Over at the Ideas for Sustainability blog Joern Fischer posted a really interesting piece on 1st January called “A new kind of hope” about the current state of the world and whether, from an environmental perspective, there’s really anything to be optimistic about. If environmental collapse via climate change and over-exploitation is inevitable, the collapse of civilization is not far behind. Joern’s piece is well worth reading, lots to think about in there, and I highly recommend that you take a look.
I posted a comment there which I’m going to copy here and add to because I think it bears repeating.
Going back to at least my student days I always thought that there was only a slim chance of our civilization making it to the end of the 20th century without some kind of catastrophe wiping us out. So it was a surprise to celebrate the millennium as December 1999 segued into January 2000. Since then, whilst I think there’s lots to be optimistic about such as the increase in renewable energy, large-scale habitat restoration in some regions, and a growing recognition of the environmental damage of biocides and plastics, there’s also the nagging fear that it’s too little, too late.
These days I alternate between wild optimism and deep depression over the fate of humanity and of the planet. It’s so easy to get sucked into the vortex of negative environmental narratives and ignore the positive ones. Especially so if you actively use social media. So I try hard to be optimistic and resist the urge to just give up, but the political situation across much of the world makes that difficult. As I learn more about the natural world through my own research and that of others’, and as world events such as Brexit and the rise of the Far Right unfold, I realise how little any of us really know about anything at all. Thus I have a deep suspicion of anyone who spouts certainties, whether they be moral, philosophical, religious, scientific, political, or artistic. All we can do is feel our way into the future, cautiously.
With respect to the question that Joern poses of “If we have to re-build something after some kind of collapse … do we have ideas for what that something will be?”, this is the rationale behind the Dark Mountain Project, a loose collaboration of writers, artists, thinkers, etc., who are trying to look for new narratives for humanity and the planet we depend upon. I’ve written a couple of pieces for their journal, most recently for issue 10 where I discussed the role of poetry in science. And although I don’t buy into their certainty that there will be a collapse, I think it’s an important project for understanding where we are now, where we’ve been, and where we might be going to.
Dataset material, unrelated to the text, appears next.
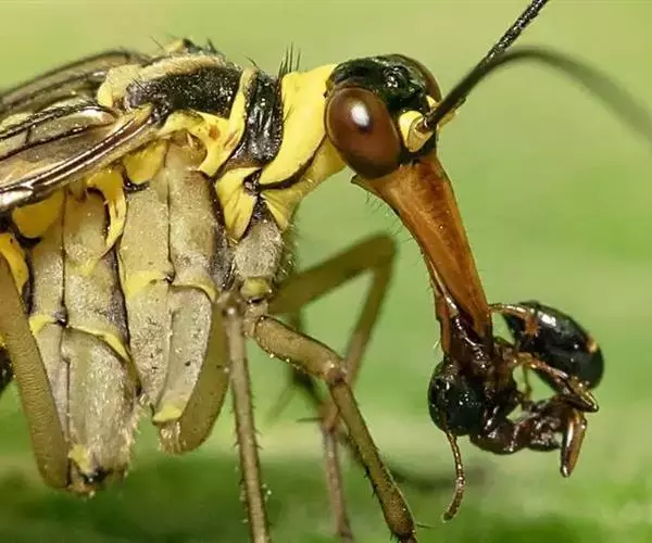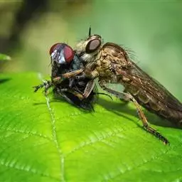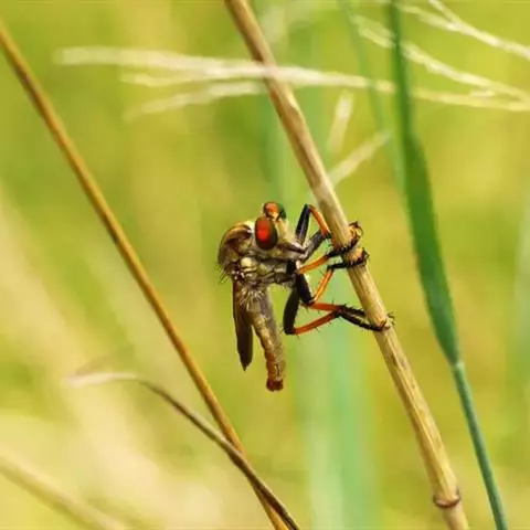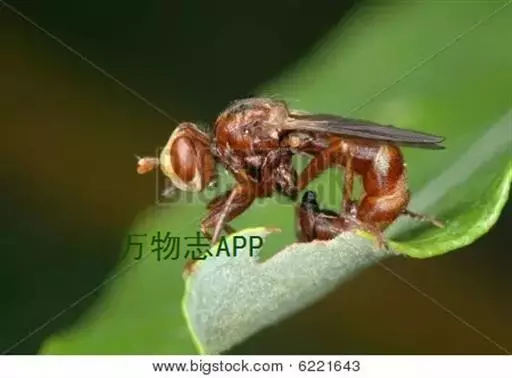 食虫虻的这些特性,使它们成为昆虫世界中的魔鬼。人们在一些恐怖片、电子游戏中也常用它作为模型来塑造角色。图中所示的是一只雄性中华单羽食虫虻捕食斑须蝽。有些雄性食虫虻甚至会把猎物作为“彩礼”送给雌性,期望得到雌性的青睐。食虫虻的幼虫通常是取食植物的。

Here’s a link to the project’s website.
The discussion over whether we should be optimistic about the future of the planet that supports us, and how that optimism will play out, is important for scientists, and society at large, to be having. By coincidence as I was writing this post the map above started circulating on Twitter. It’s a Russian teaching aid from 1928 showing the different biomes of the USSR and can be downloaded from this site.
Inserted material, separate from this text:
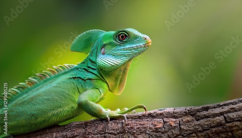 Fototapeta premium Vividly Colored Green Plumed Basilisk Lizard in a Tropical Rainforest Canopy,...

What really struck me about this graphic was the certainty with which it represents the natural world, as if all of this could never change. There are polar bears on ice flows and a frozen tundra in the far north; water still fills the Aral Sea, hyenas feast in the steppe, snow leopards haunt the mountains, Siberian tigers prowl the pine forests. And an optimistic looking whale heads towards Japan. Some of this is gone, some will almost certainly change, but a lot of it we could save, if we want to, saving ourselves in the process.